Recovered art has way of telling its story as "Monuments Men" opens

"The Monuments Men" recovered WWII masterpieces hit auction block

Matt Damon and George Clooney star in the new film "The Monuments Men," which opens in theaters nationwide Friday.

In December, CBS News’ Mark Strassmann reported on the movie's inspiration, a group of museum professionals turned Allied soldiers in World War II. They saved Jewish-owned works of art seized by the Nazis, but the stolen portraits have a way of telling their own story.

At a recent Sotheby's auction, four paintings stood out - and not only as fine art. They were all once stolen by the Nazis, part of Hitler's war on European culture.

“The Holocaust really begins with the theft of people's belongings and the destruction of what they believe in,” said Robert Edsel, the author of “The Monuments Men,” the basis for the new movie.

The unlikely heroes were middle-aged museum directors, curators and art historians. The Nazis had looted Europe, and World War II was ending.

It's estimated the Monuments Men recovered 90 percent of five million pieces stolen from museums and family collections, like the Rothschilds'.

At Sotheby's, Lucian Simmons researches a painting's history of ownership, called the provenance.

Simmons told Strassmann that they can establish custody of the painting because the Nazis kept detailed records and the Monuments Men did a good job tracking them down.

To determine custody, the team looks at the back of each painting to find the Nazi inventory code.

“So on the back of this painting you see the initials ‘BoR58,’ and that stands for ... Embassy Rothschild number 58,” said Simmons.

It matches a Nazi document from 1940, when the painting was stolen.

"It describes as Italian 15th century, imagery number BoR number 58," Simmons said.

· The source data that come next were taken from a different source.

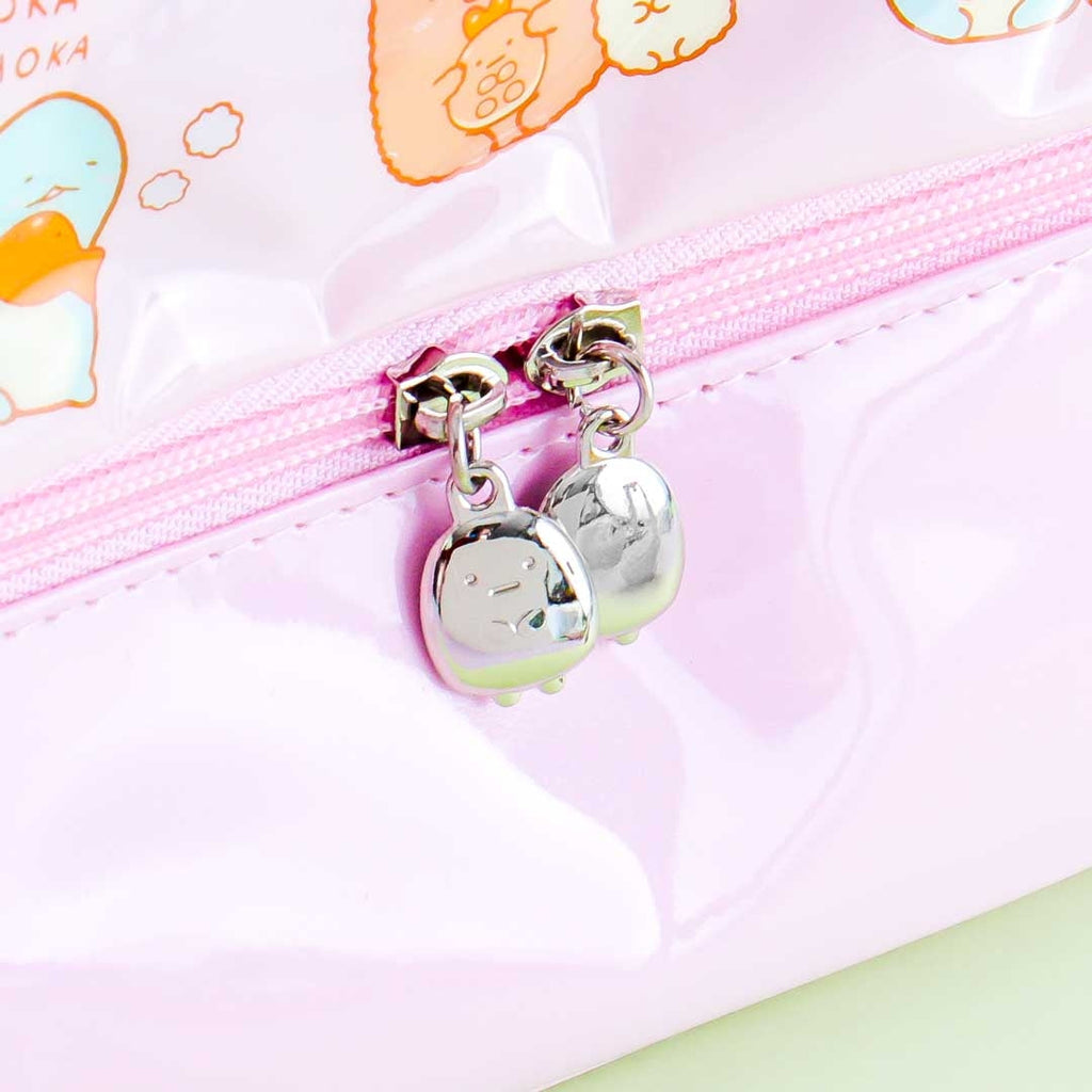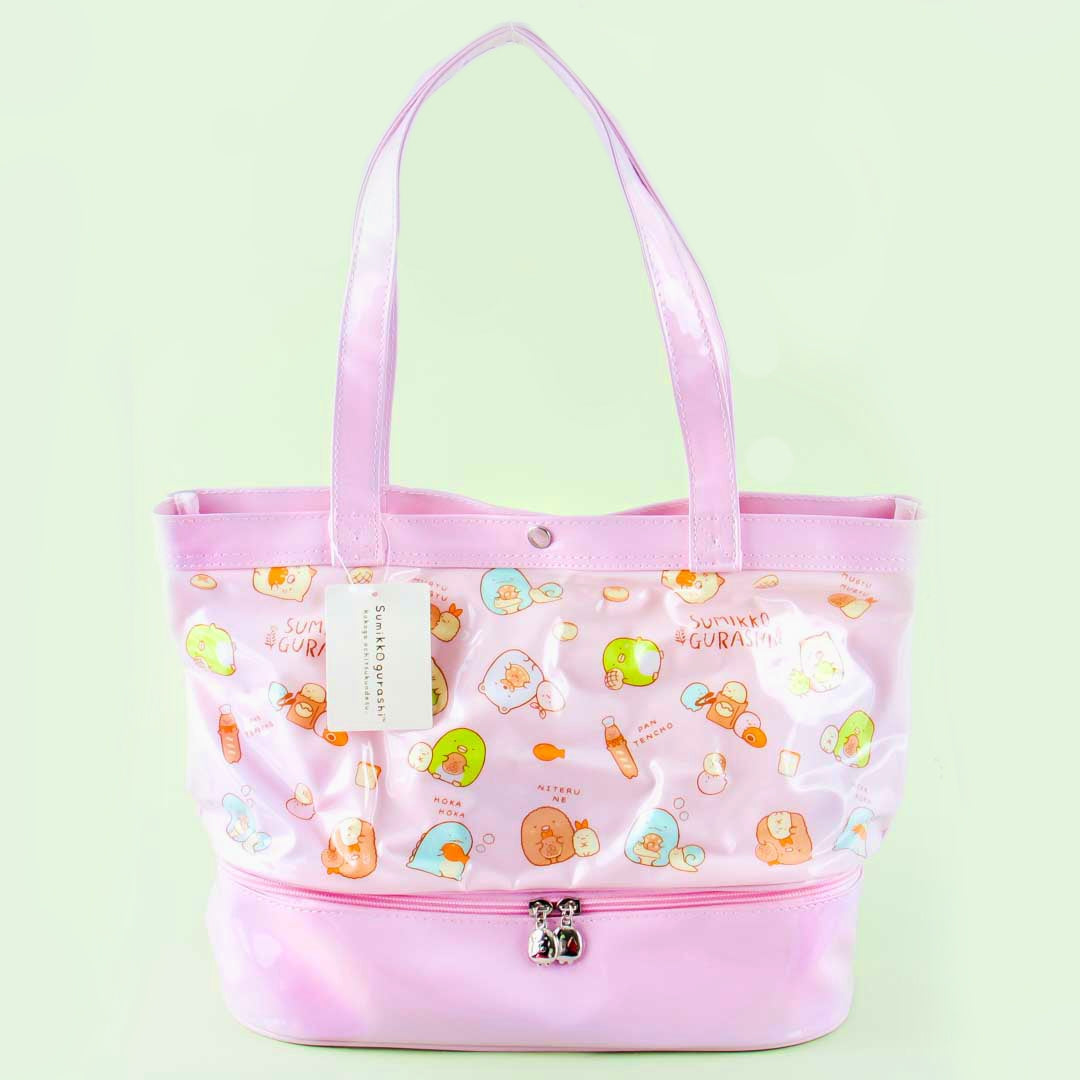 Take this spacious shoulder bag on your next trip! It features illustrations of the Sumikko Gurashi gang with bread. This shoulder bag has a button closure at the top and a zippered bottom section that can fit your slippers.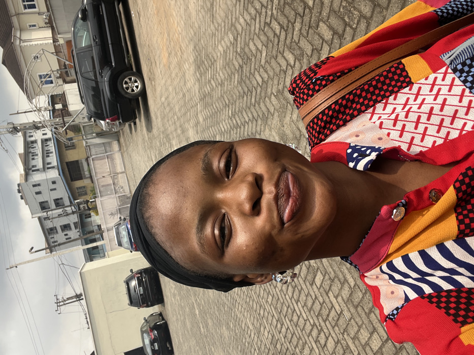 The image displays a young adult female positioned centrally in a close-up outdoor selfie. She has dark skin, wears a black headwrap, and a multicolored, patchwork-patterned collared shirt featuring red, yellow, blue, white, and black sections. Clear, faceted hoop earrings are visible on her ears. Her expression is a smile with her tongue slightly extended between her lips. A brown leather strap from a shoulder bag is visible over her right shoulder. The scene is set on a paved surface composed of light-grey interlocking bricks under a bright, overcast sky. In the background, an urban environment unfolds. From left to right, parked vehicles include a dark-colored sedan and two dark-colored SUVs, one identifiable as a black Toyota 4Runner. Utility poles with multiple overhead power lines are prominently visible against the sky. Several multi-story buildings, one light-colored with visible balconies and another with a brown roof and a white, arched metal canopy, constitute the primary architectural elements. A white metal gate is partially visible on the right. The architectural styles, common vehicle types, visible utility infrastructure, and interlocking brick pavement are consistent with an urban or semi-urban area within Lagos, Nigeria. The precise street or specific neighborhood within Lagos cannot be determined from the available visual information.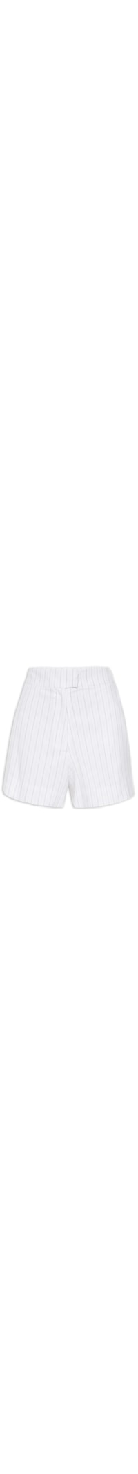 O short branco é confeccionado em alfaiataria. A peça possui cintura alta, cós com elástico embutido na parte posterior, bolsos frontais modelo faca, padronagem risca de giz em cores contrastantes, comprimento curto, shape solto, caimento reto, acabamento pespontado e fechamento frontal por zíper, botão e colchete.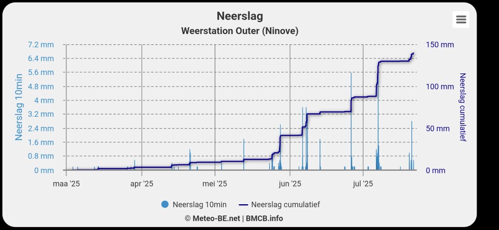 Ik heb even de regenuren opgericht sinds 1 maart in Ninove. Amper iets. Ook de laatste 3 weken amper iets dat het vermelden waard is qua duurtijd. En de temps zijn toch ook allesbehalve een dip?

Edsel took Strassmann to the Metropolitan Museum of Art in New York City. It exhibits a dozen paintings recovered by the Monuments Men, like a van Goyen landscape.

"This is one of thousands of pictures confiscated by the Nazis from collectors in France," Edsel said.

The Monuments Men found Nazi thefts hidden all over Europe, from castles to salt mines.

"They moved them to so-called collecting points and then returned them to the original owners,” said Simmons. “Without them, these paintings would not be on the wall today."

But thousands more works were never recovered.

Edsel told Strassmann that he believes “the treasure hunt's really just beginning.”

At the Sotheby’s auction, the four recovered paintings sold for a total of $1.5 million, but the Monuments Men's saving of European culture is priceless.